The light falls on them from the window in the background, so I cannot make out their eyes clearly, but I sense that all three of them are looking across at me, since I am standing on the very spot where Genewein the accountant stood with his camera. The young woman in the middle is blonde and has the air of a bride about her. The weaver to her left has inclined her head a little to one side, whilst the woman on the right is looking at me with so steady and relentless a gaze that I cannot meet it for long.

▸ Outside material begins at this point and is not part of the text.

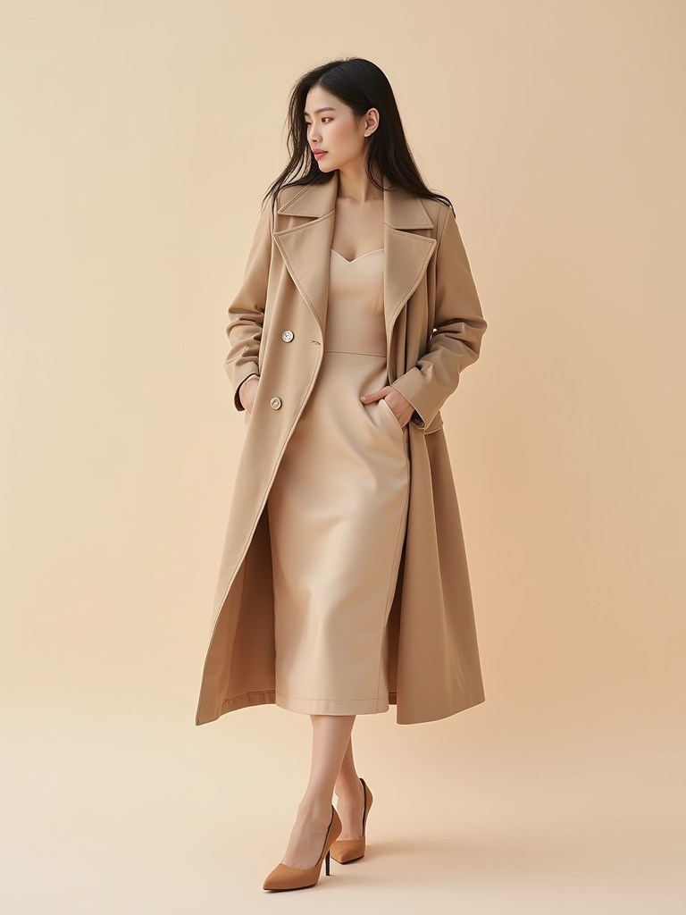 fashionable model in a nude-colored midi dress and matching coat, soft pastel background, luxury street style photography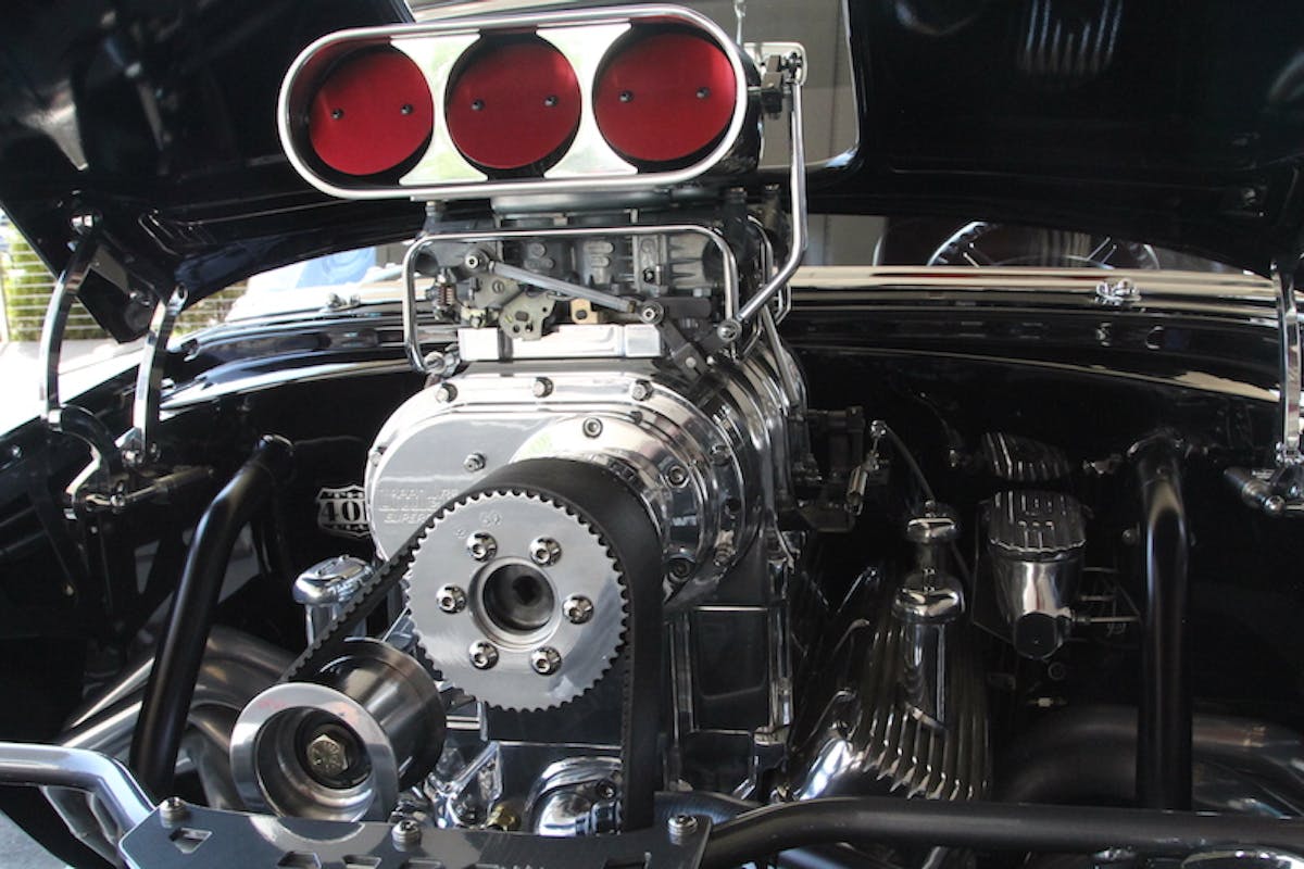 The drivetrain consists of a Redline Performance built 540 ci Dart Big M big-block with 4-bolt mains. A Littlefield 8-71 blower with dual 950 cfm blower adaptive carbs and Dart aluminum Pro-1 cylinder heads. This combination puts out 843 horses at 6,500 RPM. Mounted behind the big-block is a 6-speed Tremec Transmisson with McLeod hydraulic clutch. A Ford 9-inch rearend with 3.73:1 positraction gear ratio provides the final drive.

I wonder what the three women’s names were – Roza, Luisa and Lea, or Nona, Decuma and Morta, the daughters of the night, with spindle, scissors, and thread.

Nona, Decuma, and Morta: in Latin, the Parcae, in Greek, the Moiri, in English, the Fates, who spun the thread of life, measured its length, and cut it, thereby determining the length, time, and mode of a person’s death. Women who meted out life and death. Weavers, writers, creators. Like Gerda Weissmann, the unnamed women in the photo are victims of particular circumstances, and emblems of suffering more generally. But like Weissmann they take on at least some of the power of the Fates. They are helpless, determined, accomplished. Unknown yet not forgotten. In weaving their stories together with those of others—just as in pacing my classroom like Weissmann among her looms—just as in sending the students you heard from tonight out into the world as weavers themselves—I hope in some small way to do their example justice.